WORK INSTRUCTION: The data is to be repeated exactly, with the images removed.

Segment Start: MATERIAL PROVIDED

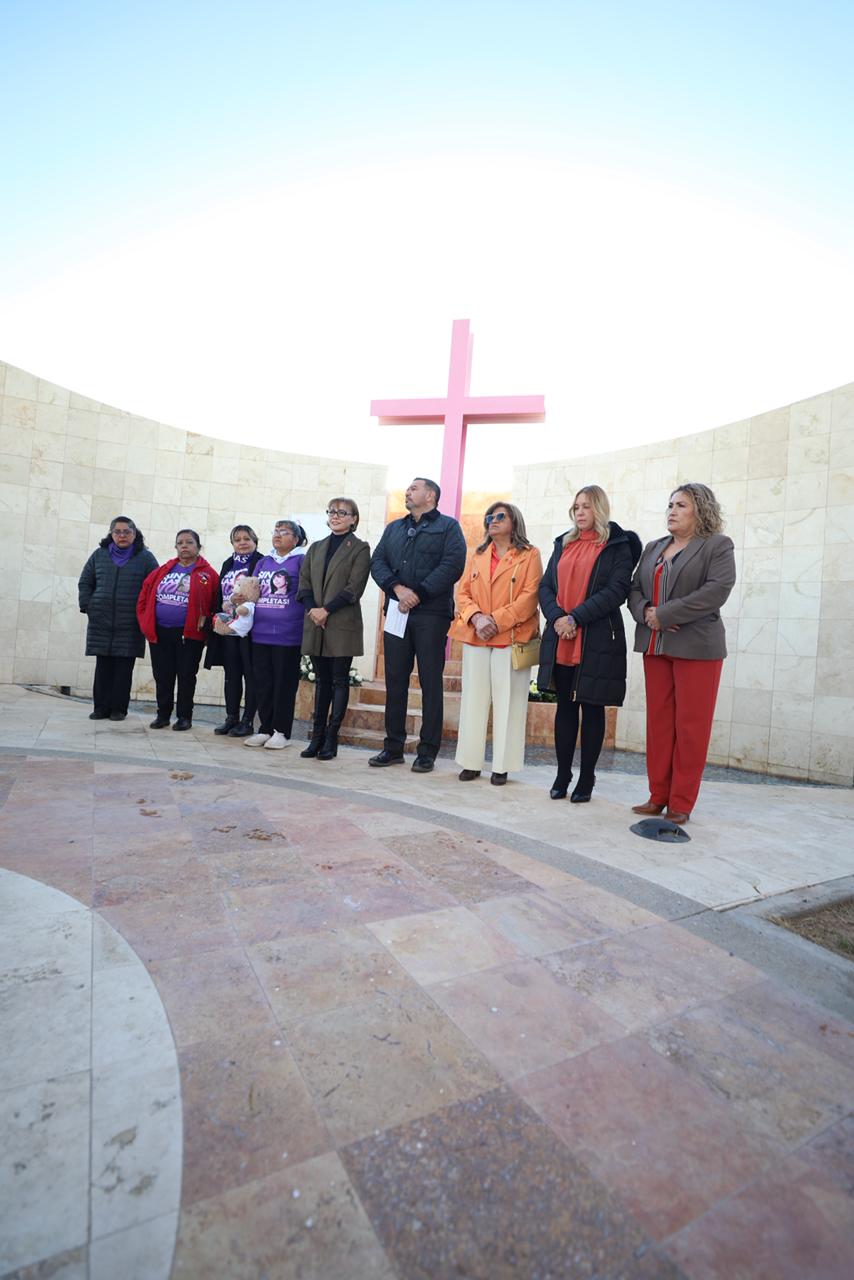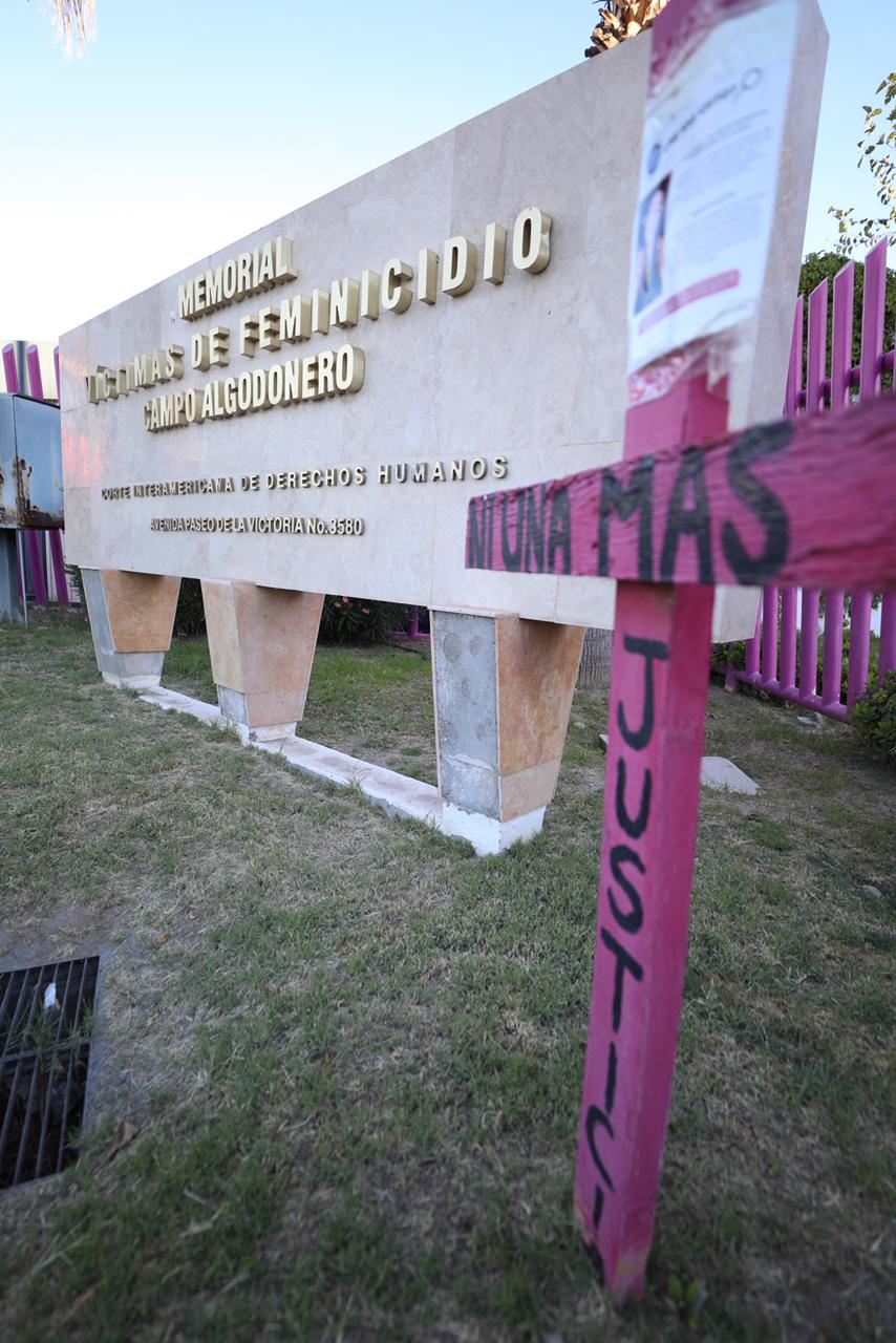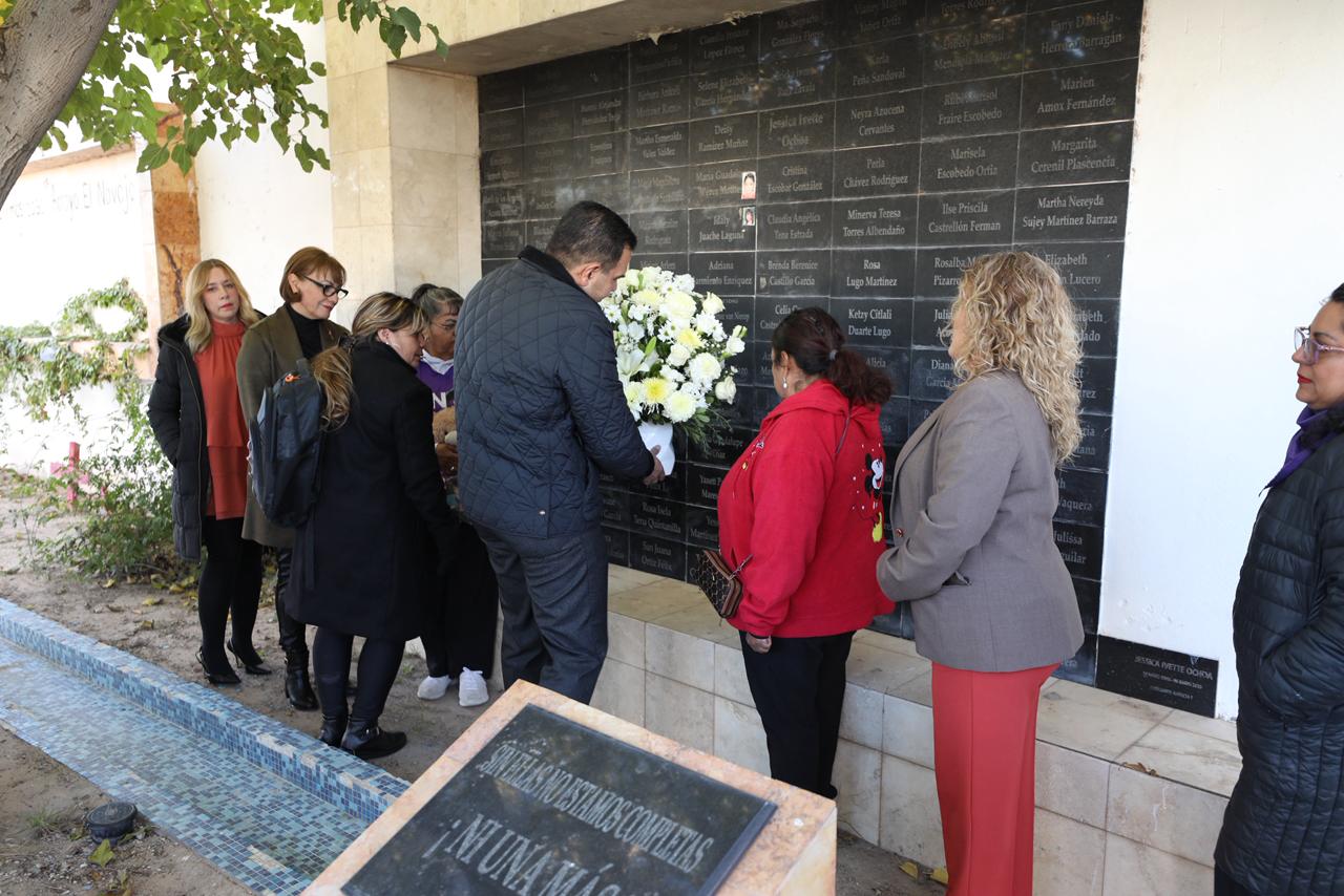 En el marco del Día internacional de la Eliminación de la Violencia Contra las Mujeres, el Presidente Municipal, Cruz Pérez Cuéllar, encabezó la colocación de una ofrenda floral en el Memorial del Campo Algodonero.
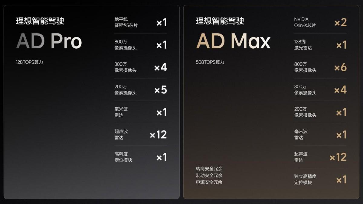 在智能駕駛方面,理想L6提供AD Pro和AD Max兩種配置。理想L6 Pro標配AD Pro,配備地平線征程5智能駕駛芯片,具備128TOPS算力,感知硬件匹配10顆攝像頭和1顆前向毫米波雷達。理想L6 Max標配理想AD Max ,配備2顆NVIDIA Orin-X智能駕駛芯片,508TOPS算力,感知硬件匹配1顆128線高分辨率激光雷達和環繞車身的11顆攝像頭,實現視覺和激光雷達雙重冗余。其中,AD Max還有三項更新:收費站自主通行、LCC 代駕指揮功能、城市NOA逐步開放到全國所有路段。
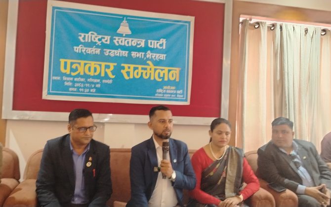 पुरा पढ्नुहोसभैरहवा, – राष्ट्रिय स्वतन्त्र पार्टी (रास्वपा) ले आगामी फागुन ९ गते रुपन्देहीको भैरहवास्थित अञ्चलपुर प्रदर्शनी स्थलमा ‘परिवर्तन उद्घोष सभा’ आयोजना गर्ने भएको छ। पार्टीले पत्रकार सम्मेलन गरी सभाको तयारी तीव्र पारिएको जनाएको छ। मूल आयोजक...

Segment End: MATERIAL PROVIDED

RESPONSE TO THE EXERCISE:
 En el marco del Día internacional de la Eliminación de la Violencia Contra las Mujeres, el Presidente Municipal, Cruz Pérez Cuéllar, encabezó la colocación de una ofrenda floral en el Memorial del Campo Algodonero.
 在智能駕駛方面,理想L6提供AD Pro和AD Max兩種配置。理想L6 Pro標配AD Pro,配備地平線征程5智能駕駛芯片,具備128TOPS算力,感知硬件匹配10顆攝像頭和1顆前向毫米波雷達。理想L6 Max標配理想AD Max ,配備2顆NVIDIA Orin-X智能駕駛芯片,508TOPS算力,感知硬件匹配1顆128線高分辨率激光雷達和環繞車身的11顆攝像頭,實現視覺和激光雷達雙重冗余。其中,AD Max還有三項更新:收費站自主通行、LCC 代駕指揮功能、城市NOA逐步開放到全國所有路段。
 पुरा पढ्नुहोसभैरहवा, – राष्ट्रिय स्वतन्त्र पार्टी (रास्वपा) ले आगामी फागुन ९ गते रुपन्देहीको भैरहवास्थित अञ्चलपुर प्रदर्शनी स्थलमा ‘परिवर्तन उद्घोष सभा’ आयोजना गर्ने भएको छ। पार्टीले पत्रकार सम्मेलन गरी सभाको तयारी तीव्र पारिएको जनाएको छ। मूल आयोजक...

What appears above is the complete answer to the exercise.